● **Given data**
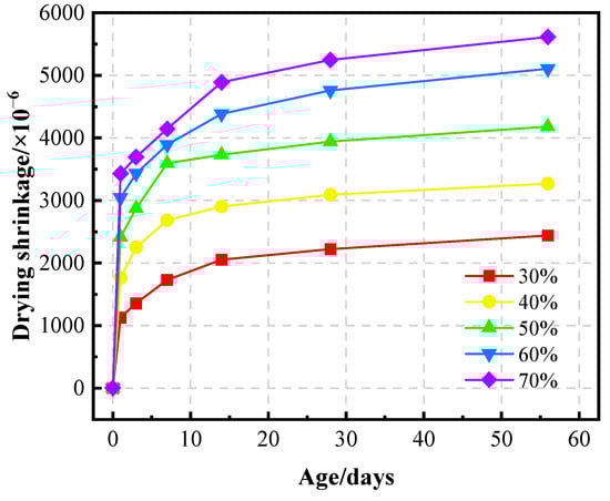Figure 14 displays the drying shrinkage of GFC as a function of LZT content. During the initial phases of specimen curing, the drying shrinkage of GFC undergoes rapid development. This phenomenon can be attributed to the predominant occurrence of dissolution and condensation reactions of the silicon-aluminum precursor raw materials in an alkaline environment during the initial stages of the process. This results in elevated water consumption, attributable to the progression of geopolymerization reactions [56,57]. The phenomenon of drying shrinkage principally entails the contraction of gel pores and capillaries, culminating in a decline in the water saturation of the internal capillaries as moisture is lost to the external environment. As the LZT content increased from 30% to 70%, the drying shrinkage of GFC persisted in its escalation, with the 56-day drying shrinkage rate rising from 2439 × 10−6 to 5613 × 10−6. On one hand, the larger average particle size of LZT relative to MK results in a smaller specific surface area, which leads to a reduced capacity for water adsorption. Consequently, more water remains in the system, awaiting evaporation and loss. On the other hand, an excess of LZT content has been shown to increase the number of interconnected pores within the GFC, thereby providing direct pathways for moisture migration. Additionally, an increase in LZT content results in a reduction in GFC strength, consequently diminishing its capacity to resist shrinkage stress. In comparison with the findings of other studies [26,58], the drying shrinkage of the specimens in this study was marginally higher. However, certain scholars have achieved reduced drying shrinkage or enhanced crack resistance by incorporating fibers such as polypropylene [59], polyvinyl alcohol [29], and basalt fibers [60] into the material. Therefore, future studies can optimize the mix ratio of this experiment by incorporating fibers to reduce the drying shrinkage rate of GFC.
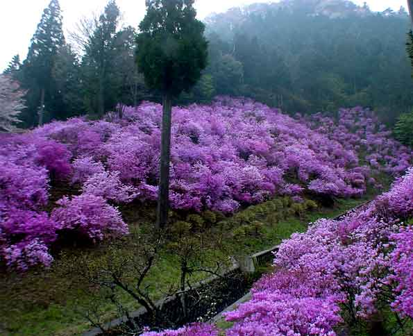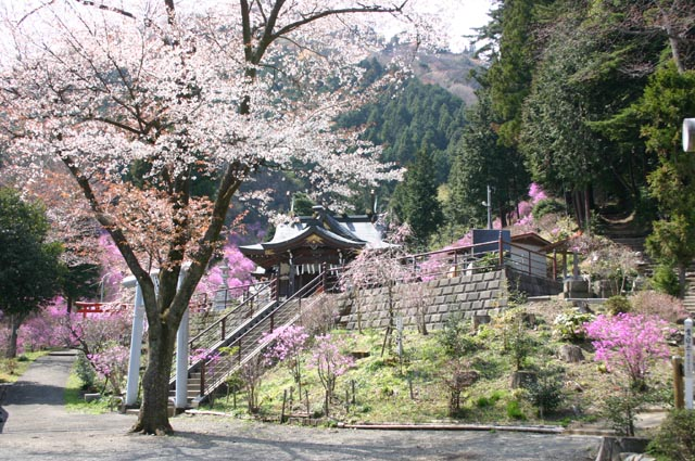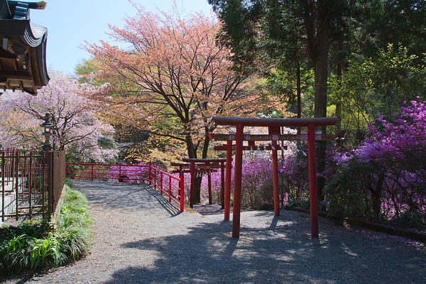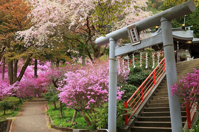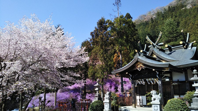 神社の周辺にはミツバツツジがたくさんあり、花の時期には素晴らしい景色が見られます。斜面一面がピンク色に染まってみえます
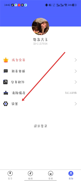 1、打開素材瀏覽器APP,進入個人頁面后點擊設(shè)置選項。
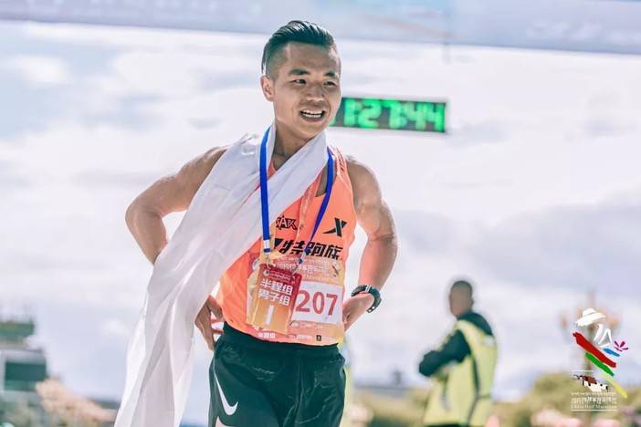 来自贵州遵义的令狐彻以1小时27分37秒获得男子半马冠军,第一次来到拉萨便拿到冠军,这是他赛前没有想到的。
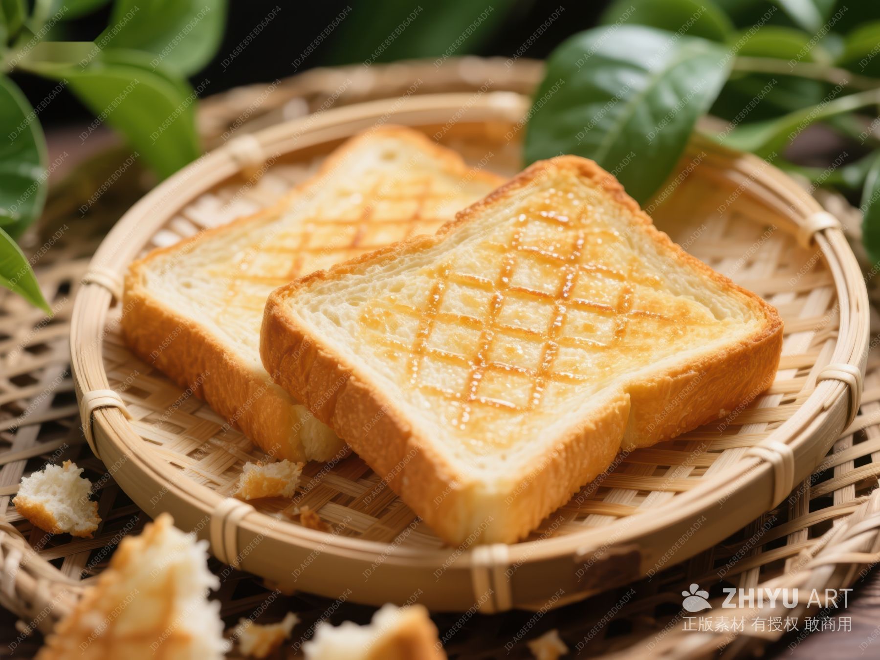 金黄烤面包片置于竹篮 256
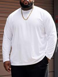 ResortEase Plus Size Men's Solid Color Round Neck Long Sleeve Simple Casual Top Tee, For Fall
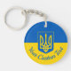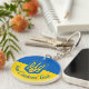 Round acrylic keychain with the flag of Ukraine, a blue and yellow flag with the Ukrainian coat of arms (emblem) with a trident in the center, and a custom text template for your message
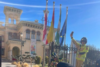 -Bomberos de Almería se manifiestan con un ataúd por las calles de la capital.
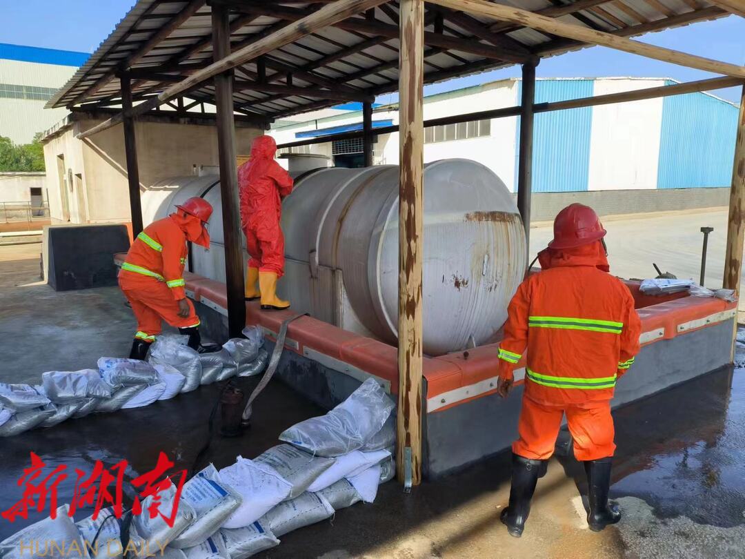 本次演练以湖南谊诚科技有限公司硫酸储罐区管道破损致使大量硫酸泄露为背景,“事故”发生后企业立即向上汇报,通知各应急小组赶赴现场,使用沙袋构筑围堰、堵漏胶对泄露点进行围堵,并将泄露硫酸抽至事故应急罐,有效防止污染扩散。
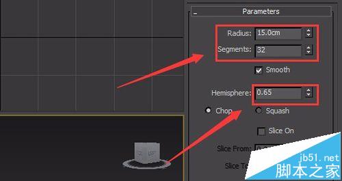 13、選擇創建的sphere物體,在modify里修改其參數如圖所示:

● **Work task**
Starting with the line that contains "金黄烤面包片置于竹篮 256", give the lines again exactly as they appear through the last line of the data, pictures excluded.

● **Reply to the exercise**
 金黄烤面包片置于竹篮 256
 ResortEase Plus Size Men's Solid Color Round Neck Long Sleeve Simple Casual Top Tee, For Fall
 Round acrylic keychain with the flag of Ukraine, a blue and yellow flag with the Ukrainian coat of arms (emblem) with a trident in the center, and a custom text template for your message
 -Bomberos de Almería se manifiestan con un ataúd por las calles de la capital.
 本次演练以湖南谊诚科技有限公司硫酸储罐区管道破损致使大量硫酸泄露为背景,“事故”发生后企业立即向上汇报,通知各应急小组赶赴现场,使用沙袋构筑围堰、堵漏胶对泄露点进行围堵,并将泄露硫酸抽至事故应急罐,有效防止污染扩散。
 13、選擇創建的sphere物體,在modify里修改其參數如圖所示:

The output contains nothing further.